::: Exercise materials :::
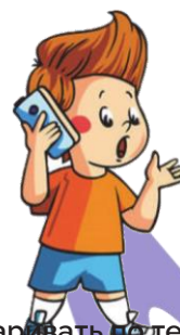
Разговаривать по телефону:
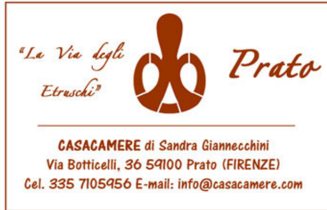
Esempio timbro di Casacamere

L' elenco di punti di convalida e logistici sono i seguenti:
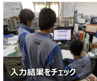
入力結果をチェック
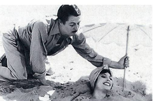
«Divorce à l'italienne» lundi 19 juin
:::
Activity:
Without the pictures, repeat the line with "Esempio timbro di Casacamere" and every line after it to the end of the listing, and nothing else.

Task solution:
Esempio timbro di Casacamere

L' elenco di punti di convalida e logistici sono i seguenti:
入力結果をチェック
«Divorce à l'italienne» lundi 19 juin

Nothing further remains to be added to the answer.